Binary search is one of the highly efficient search algorithm with a complexity of log(n) as here we divide the target array to half n/2 each time till we get the target item , so for an array of size 8 . we get the element with in 3 operation.

Note **that binary search can be carried out only for a sorted array so it wont be always the best algorithm to use.**

For example , you have an unsorted array of unique element, to find a specific item using binary search , we first need to sort it. The best sorting algorithm complexity is O(nlogn) , after sorting we do binary search.
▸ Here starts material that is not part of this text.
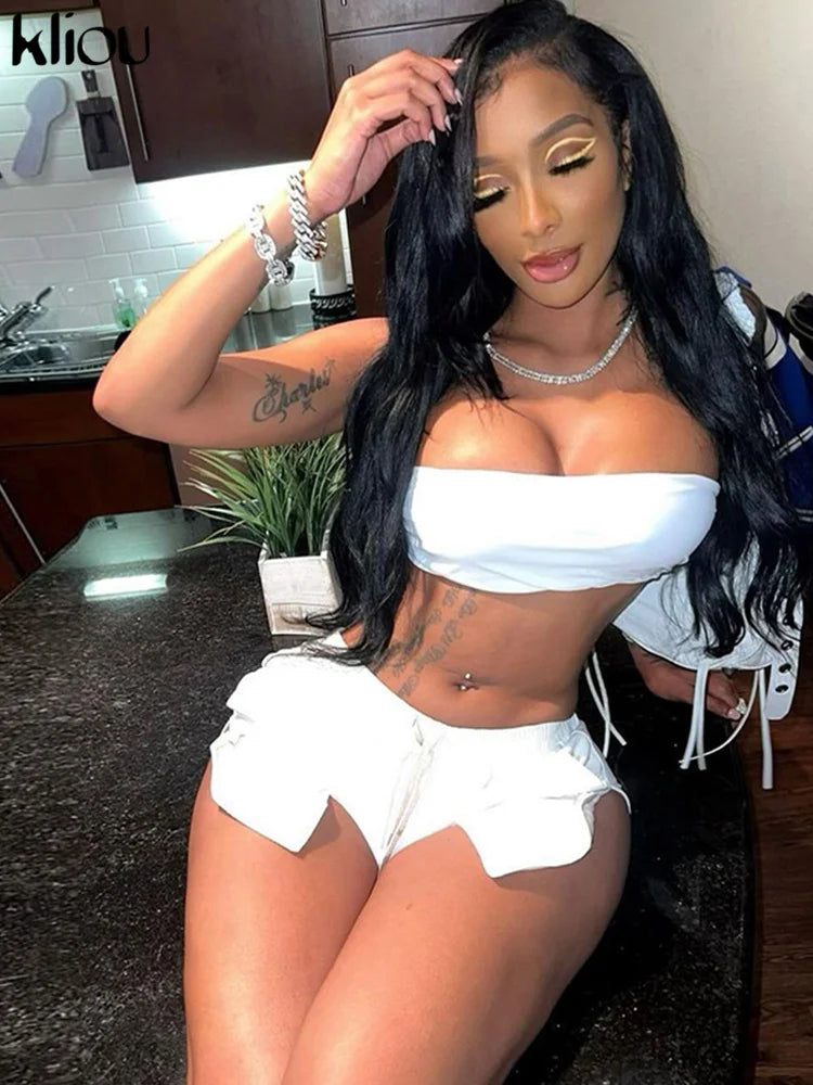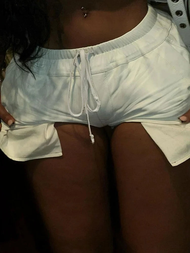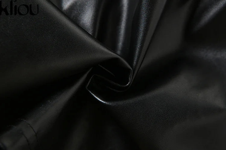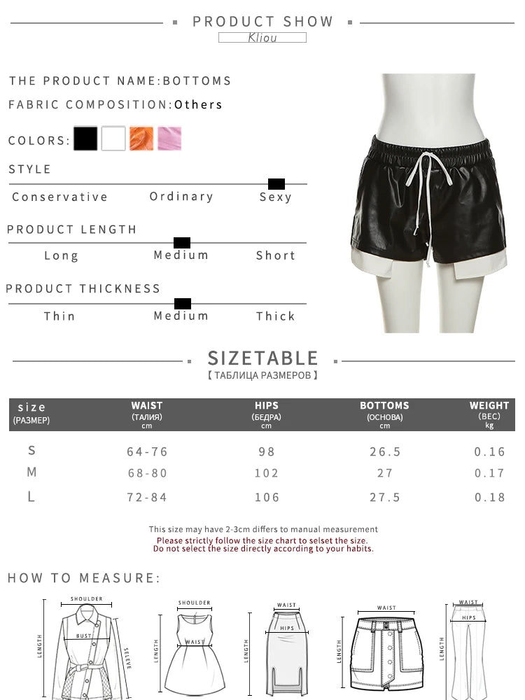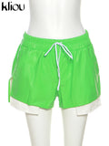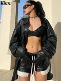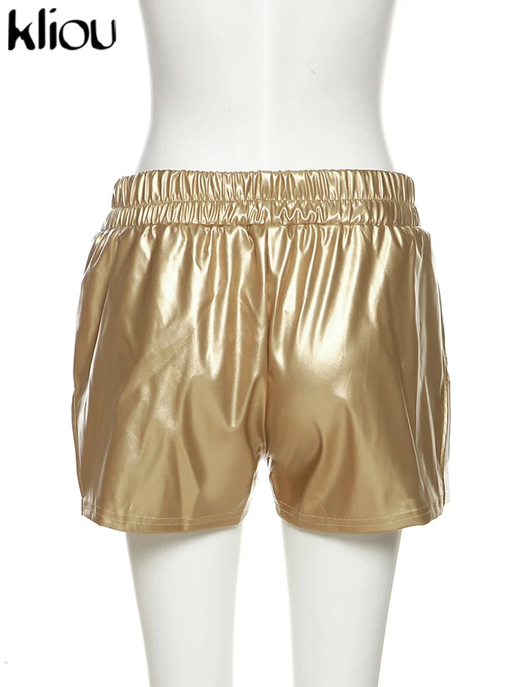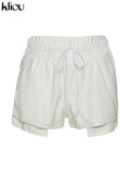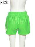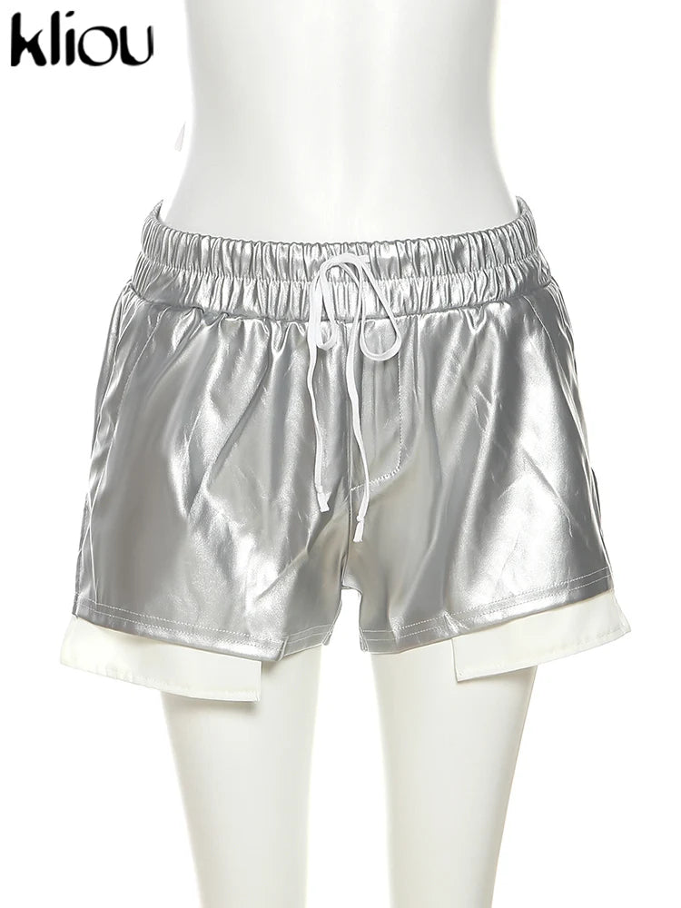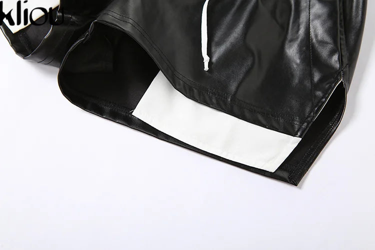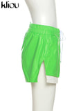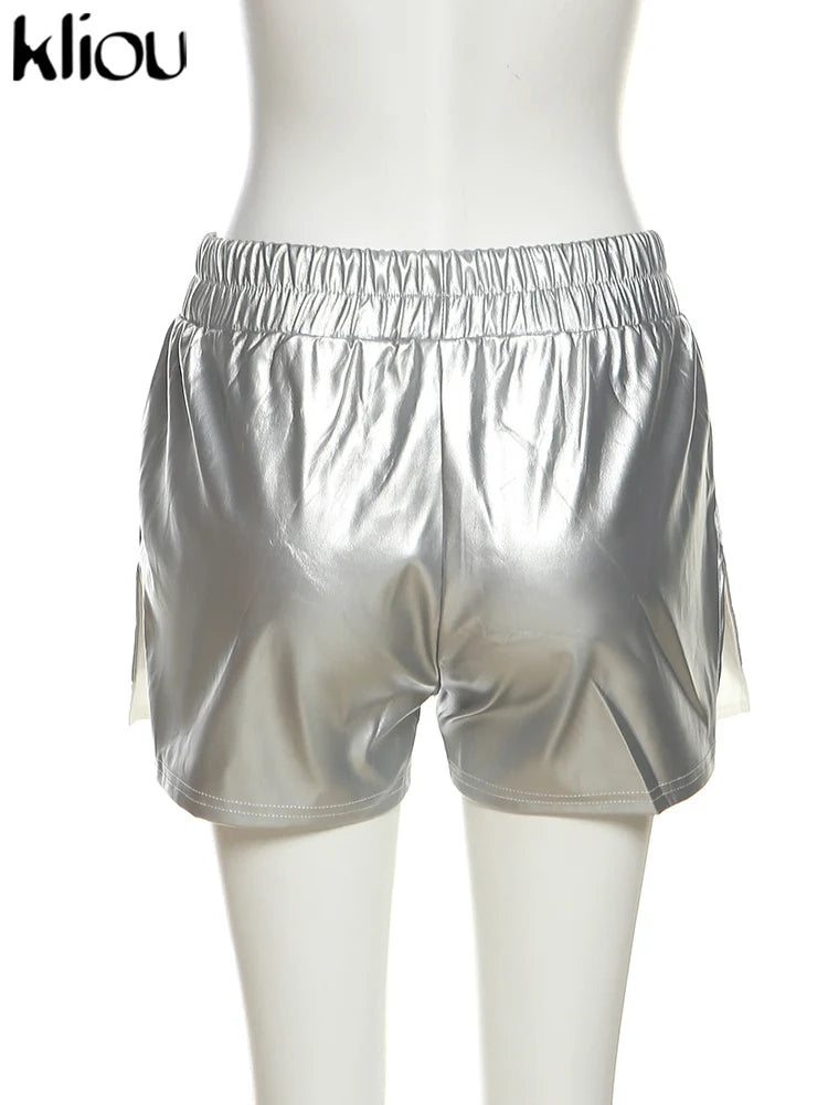 Kliou Faux PU Leather Patchwork Shorts Women Casual Summer Loose Bandage Elastic Waist Slit All-Match Bottoms Leisure Clothing
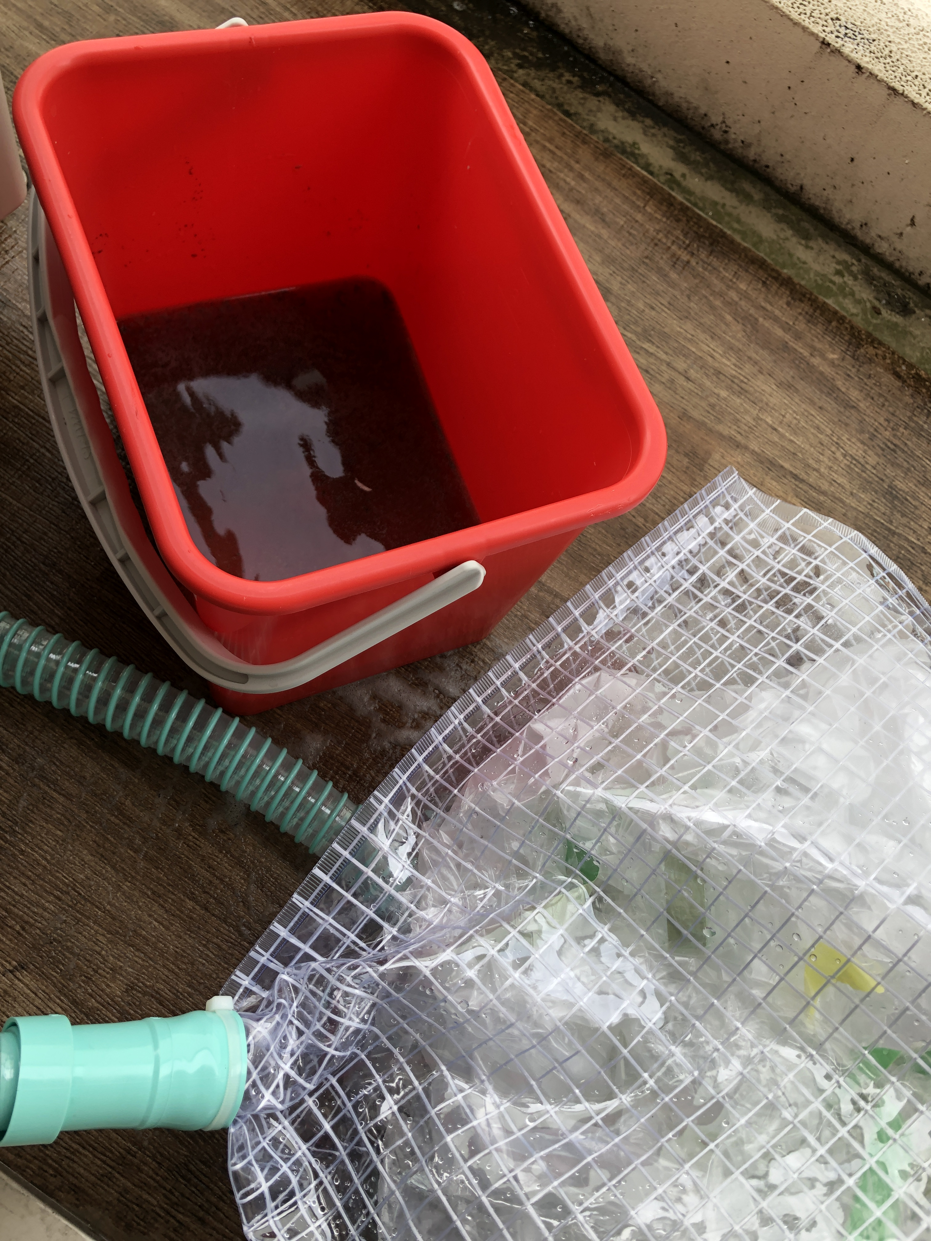 案の定、カビがドバドバ流れ落ち、真っ黒な水の出来上がり!

This result in final complexity of nlogn + logn , and as nlogn is the higher term we drop logn , so final Big O is O(nlogn).

Instead if we just checked each element using a for loop , the complexity would have been just O(n) which was much better than O(nlogn).:

**So how binary search works:**

Assume we have an **array sorted in ascending order:**

[1,2,3,4,5,6,7,8]

Now we have to find index of **‘5’**

**Step 1:**so what we do is ,

**first check the midIndex in the array for the element.**

the mid index is **rounded ((first index + last index)/2) ie (0+7)/2 = 3.5 = 3**

so we check if array[3] is what we want , array[3] is 4 , so its not what we want

**Step 2:**

now we check if the target is on the left or right of the array ( this is because the array is a sorted array so we can guarantee the order of elements)

we see that as 5 > 4 , the element should be to the right of array[3]

so now we dont want to look at the elements from 0–3 , **so we set first Index to midIndex + 1**, last index remains the same.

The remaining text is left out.